The Problem With How Self-Healing Works Today
Most self-healing test frameworks — including the popular open-source Healenium — work by asking: what does this element look like in the DOM?
They record attributes at test-creation time: the ID, the class name, the XPath position, the tag hierarchy. When a locator breaks, they search the new DOM for the candidate that most closely matches those recorded attributes.
This works fine for conservative changes. An ID rename. A class tweak. A button moving one level up in the hierarchy.
It completely falls apart when a design-system migration:
- Removes all IDs (they were implementation details anyway)
- Assigns one shared class to every element of the same type
- Moves elements across DOM containers
- Restructures the entire page hierarchy
Because at that point, the structural signals are gone. And structural signals are all those tools have.

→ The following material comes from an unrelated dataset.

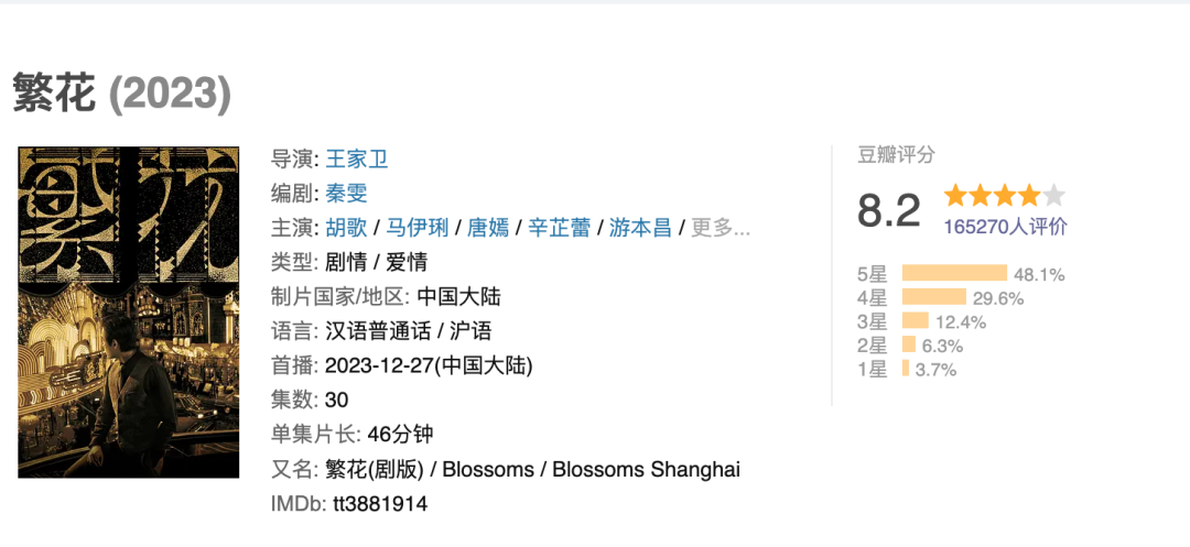 1月3日,《繁花》在豆瓣开分8.1,1月9日,截至发稿,一共有超16万网友在豆瓣为《繁花》评分,最新评分8.2。其中48.1%的观众打出五星好评,29.6%的观众打出四星好评——从豆瓣评分曲线来看,《繁花》的“好”也是毋庸置疑的。

The Insight That Changes Everything
Here's what I noticed: accessibility metadata survives redesigns by design.
When a developer migrates from raw HTML to Ant Design, they're changing the visual presentation and the DOM structure. But they're not changing what the button does. And if they're doing their job properly, the aria-label on the "Submit Order" button still says "Submit Order". The section heading above the card inputs still says "Payment Details". The landmark region around the form is still a form.

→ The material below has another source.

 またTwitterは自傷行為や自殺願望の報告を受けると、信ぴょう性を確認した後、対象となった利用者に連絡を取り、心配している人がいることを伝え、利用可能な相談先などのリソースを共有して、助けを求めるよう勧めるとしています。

These signals are stable because they're authored for a different consumer — screen readers and assistive technology — that the redesign doesn't touch.

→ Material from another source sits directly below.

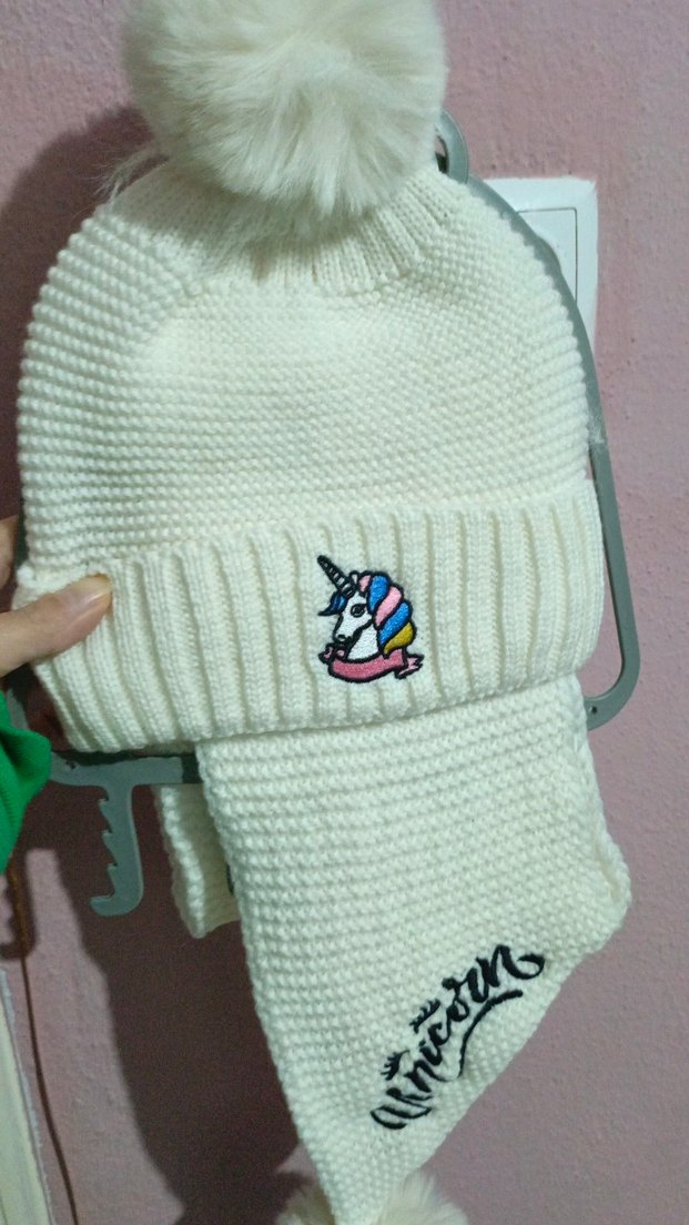 Nakışlı unicorn figürlü beyaz örgü çocuk bere ve atkı seti, trend sokak stili için uygun.

So instead of asking "what does this element look like?", I built something that asks: "what does this element mean?"
How CANVAS Works
CANVAS (Context-Aware Navigation and Visual Anchoring System for Selectors) is a Python library that treats locator healing as a semantic retrieval problem.
At record time, for each element you want to track, CANVAS extracts a semantic descriptor — a structured representation of the element's functional identity:
from canvas_heal import SemanticDescriptor, IntentEmbedder, ConfidenceGatedResolver
# Record an intent against your V1 page
descriptor = extract_from_playwright(page, "#submit-btn")
# Captures: role="button", label="Submit Order",
# heading="Checkout", landmark="form"
That descriptor gets serialised into a natural-language intent string:
button labeled 'Submit Order' inside form under heading 'Checkout'
Then it gets encoded into a 384-dimensional dense vector using a locally-running sentence-transformer model (all-MiniLM-L6-v2). No API calls. No cloud. Runs entirely on your machine.
At resolve time, when your test runs against the redesigned page, CANVAS:
- Extracts the same descriptor for every candidate element in the new DOM
- Embeds all candidates in one batch pass
- Finds the closest semantic match by cosine similarity
- Routes through a three-tier confidence gate
That last part is important. Most self-healing tools make a binary decision: heal or fail. CANVAS has three outcomes:
| Score | Status | What happens |
|---|---|---|
| ≥ 0.92 | HEALED | Test continues automatically |
| 0.75 – 0.92 | NEEDS_CONFIRMATION | Test flagged for human review |
| < 0.75 | FAILED | Test aborts with a clear error |
This matters because silent false positives — where a tool heals to the wrong element — are worse than test failures. A test that passes on the wrong button is a test that gives you false confidence.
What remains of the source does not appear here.